• **EXERCISE BRIEF**:
With the pictures omitted, print exactly the lines below, from the one containing "Set of 2 glass" through the one containing "Pegatina Cuadrada Elegante", and nothing else.

• **DATASET ENTRIES**:
+--

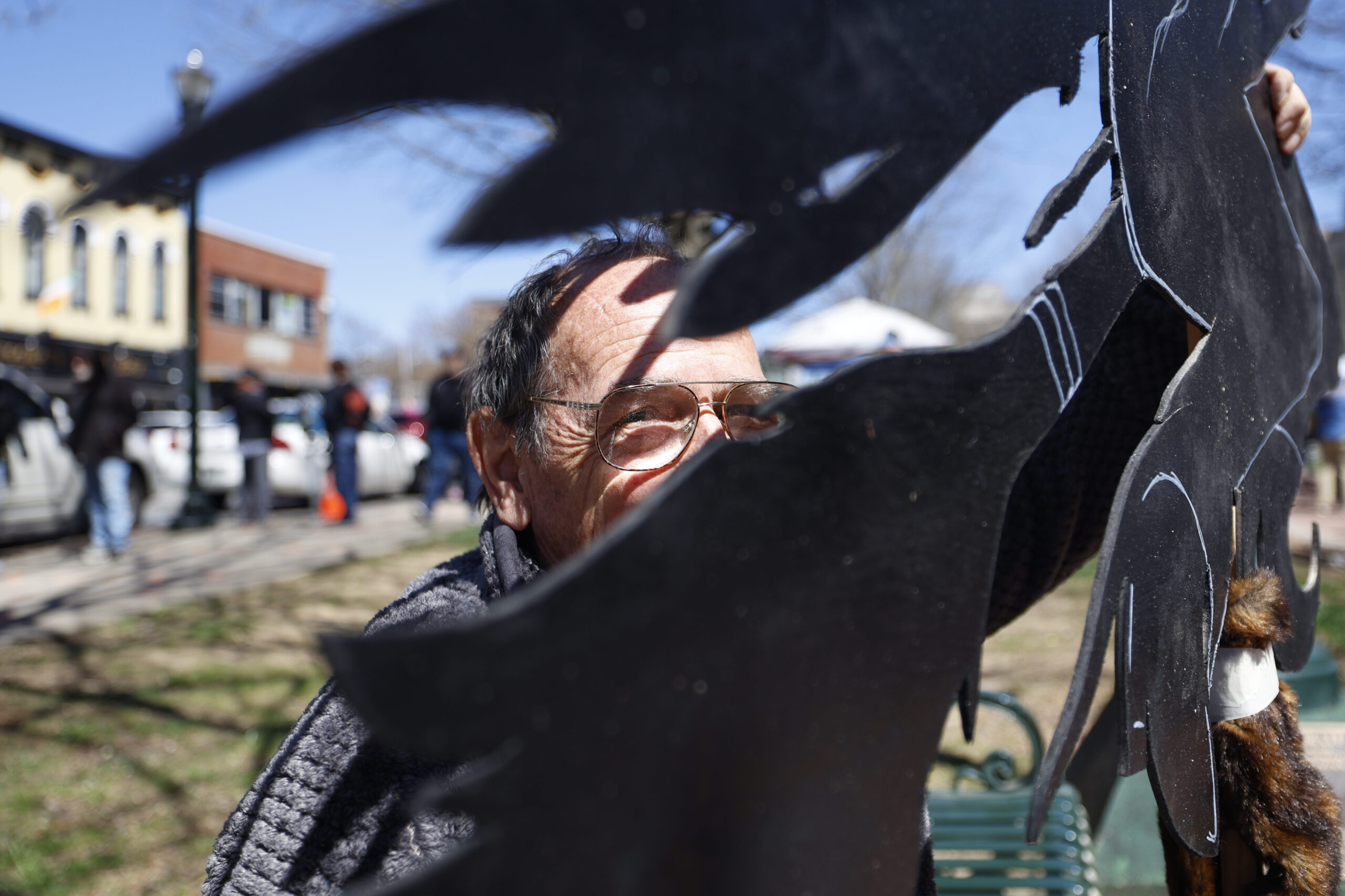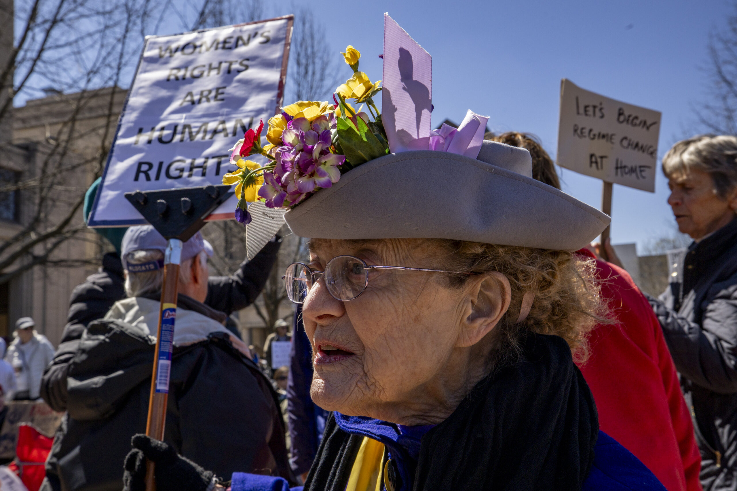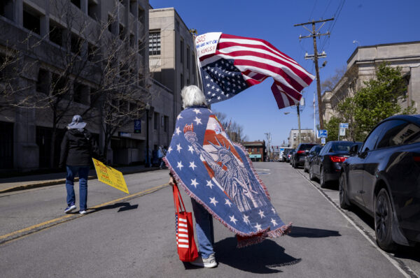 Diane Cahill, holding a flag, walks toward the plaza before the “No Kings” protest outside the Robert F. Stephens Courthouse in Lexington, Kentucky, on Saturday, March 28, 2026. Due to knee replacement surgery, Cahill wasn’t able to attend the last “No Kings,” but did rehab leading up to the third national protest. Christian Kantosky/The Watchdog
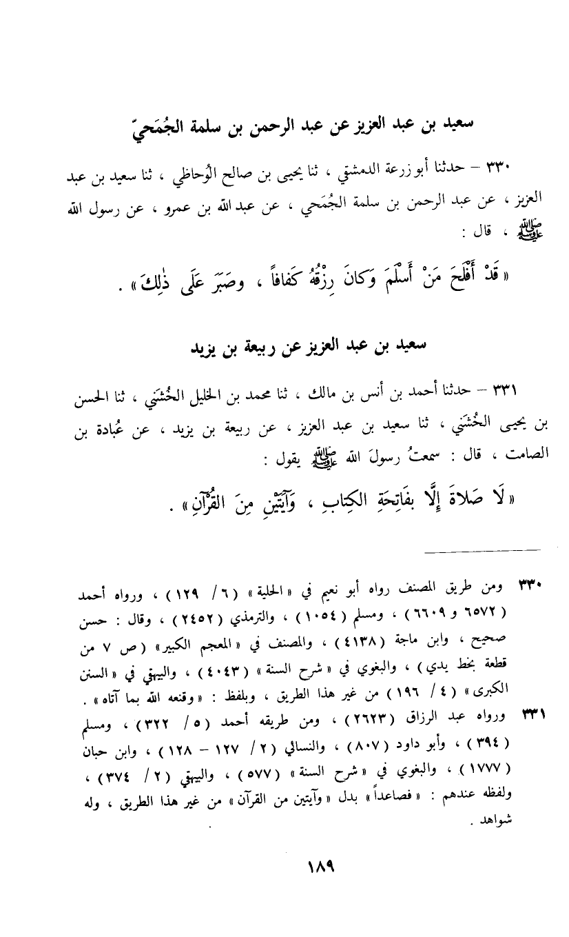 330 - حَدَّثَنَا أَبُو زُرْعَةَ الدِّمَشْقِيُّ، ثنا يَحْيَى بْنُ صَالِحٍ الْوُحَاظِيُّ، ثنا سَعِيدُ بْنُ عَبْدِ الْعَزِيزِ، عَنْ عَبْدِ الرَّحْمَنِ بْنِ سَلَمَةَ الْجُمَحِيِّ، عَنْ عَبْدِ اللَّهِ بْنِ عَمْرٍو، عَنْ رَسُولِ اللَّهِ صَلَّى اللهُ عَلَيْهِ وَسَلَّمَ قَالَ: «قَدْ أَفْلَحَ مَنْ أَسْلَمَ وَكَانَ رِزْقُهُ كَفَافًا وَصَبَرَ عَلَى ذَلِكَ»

+--

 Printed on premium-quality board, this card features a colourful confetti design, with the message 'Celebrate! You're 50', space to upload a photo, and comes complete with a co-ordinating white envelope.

+--

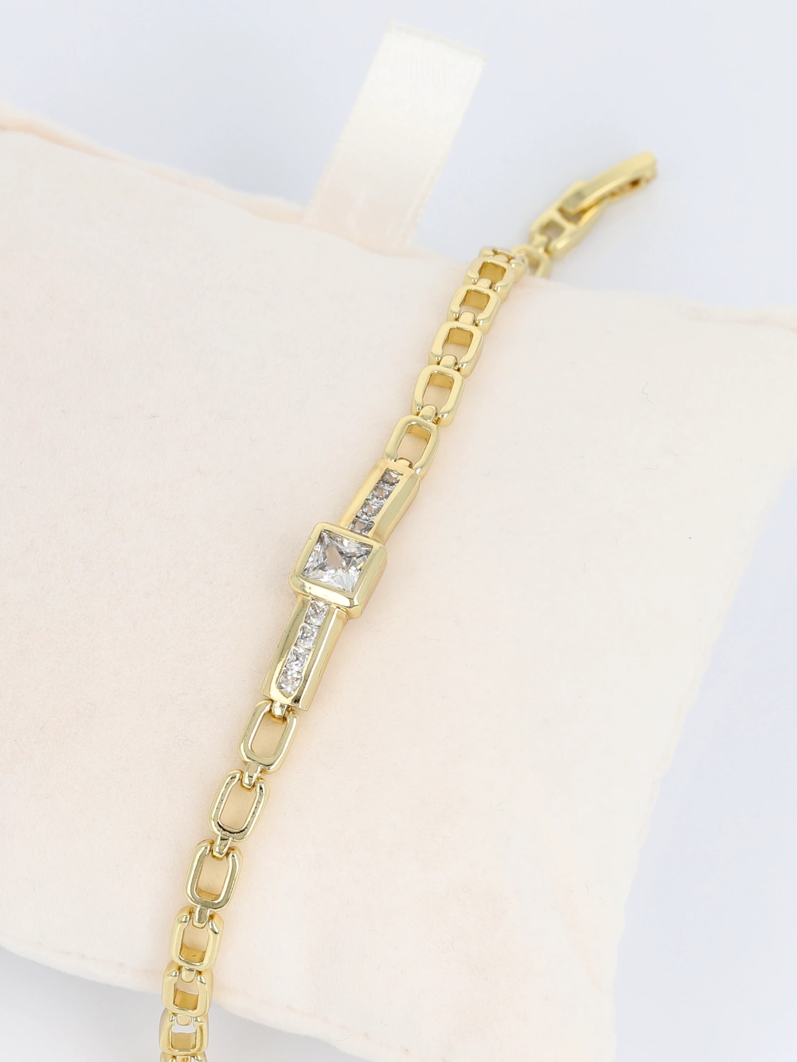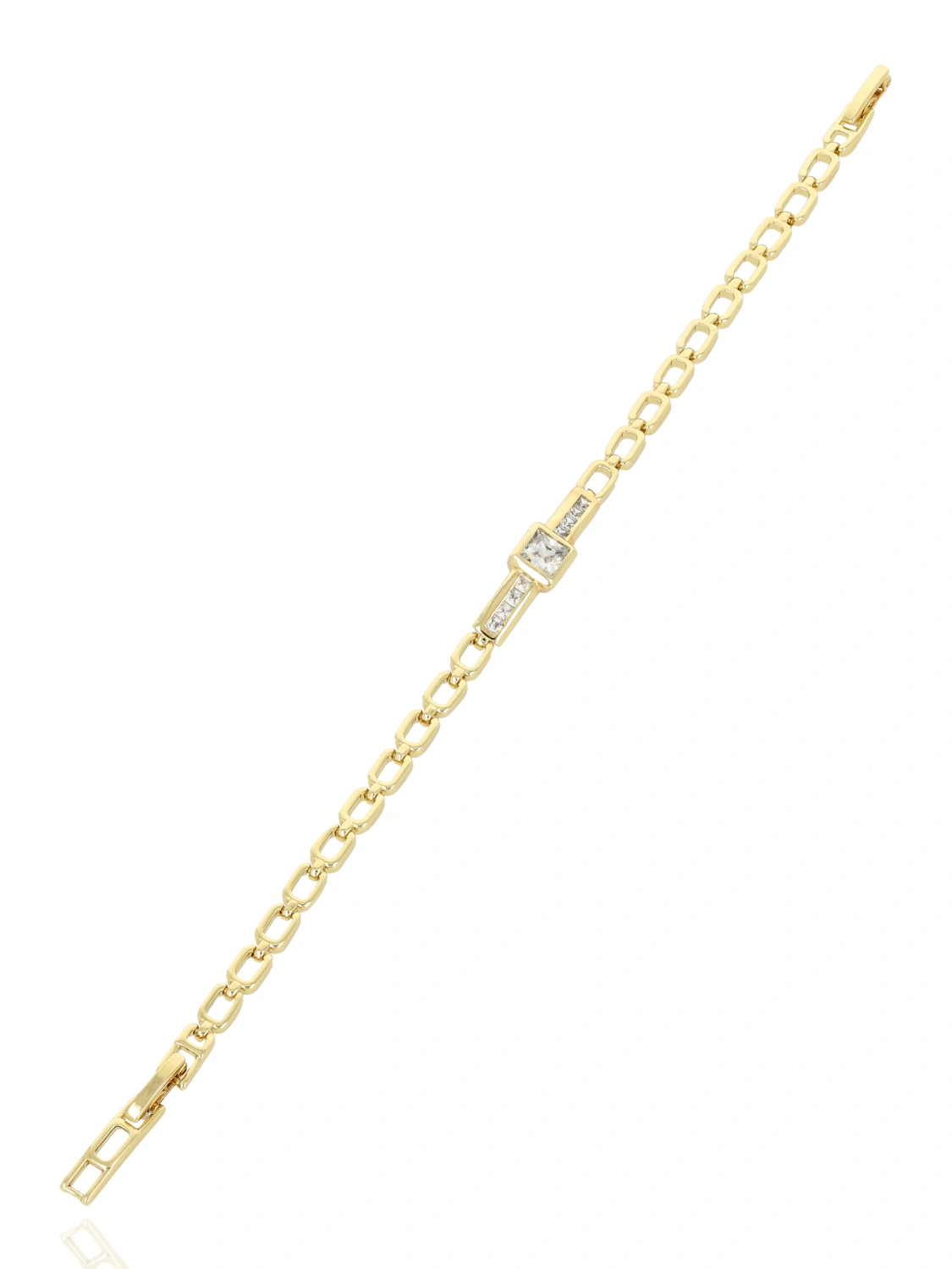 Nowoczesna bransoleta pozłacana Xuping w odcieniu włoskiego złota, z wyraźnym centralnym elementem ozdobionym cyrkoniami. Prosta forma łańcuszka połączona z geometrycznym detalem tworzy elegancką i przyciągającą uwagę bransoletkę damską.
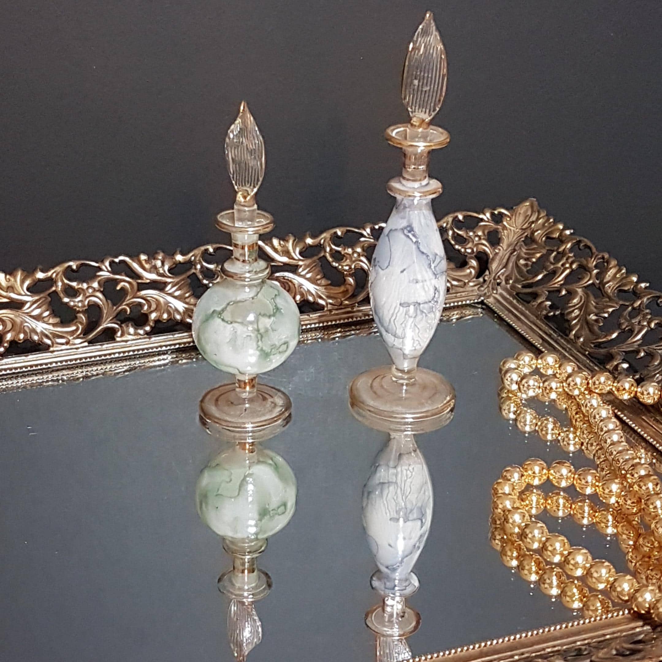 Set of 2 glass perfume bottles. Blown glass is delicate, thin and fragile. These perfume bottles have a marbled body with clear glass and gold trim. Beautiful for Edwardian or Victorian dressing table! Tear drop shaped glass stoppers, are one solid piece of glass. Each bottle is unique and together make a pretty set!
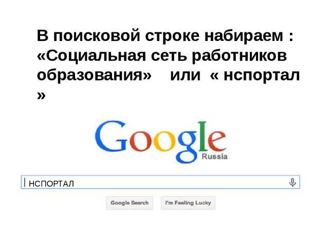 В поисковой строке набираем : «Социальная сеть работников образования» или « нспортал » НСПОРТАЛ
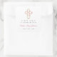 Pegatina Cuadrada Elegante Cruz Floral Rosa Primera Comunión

+--

• **RESULT**:
 Set of 2 glass perfume bottles. Blown glass is delicate, thin and fragile. These perfume bottles have a marbled body with clear glass and gold trim. Beautiful for Edwardian or Victorian dressing table! Tear drop shaped glass stoppers, are one solid piece of glass. Each bottle is unique and together make a pretty set!
 В поисковой строке набираем : «Социальная сеть работников образования» или « нспортал » НСПОРТАЛ
 Pegatina Cuadrada Elegante Cruz Floral Rosa Primera Comunión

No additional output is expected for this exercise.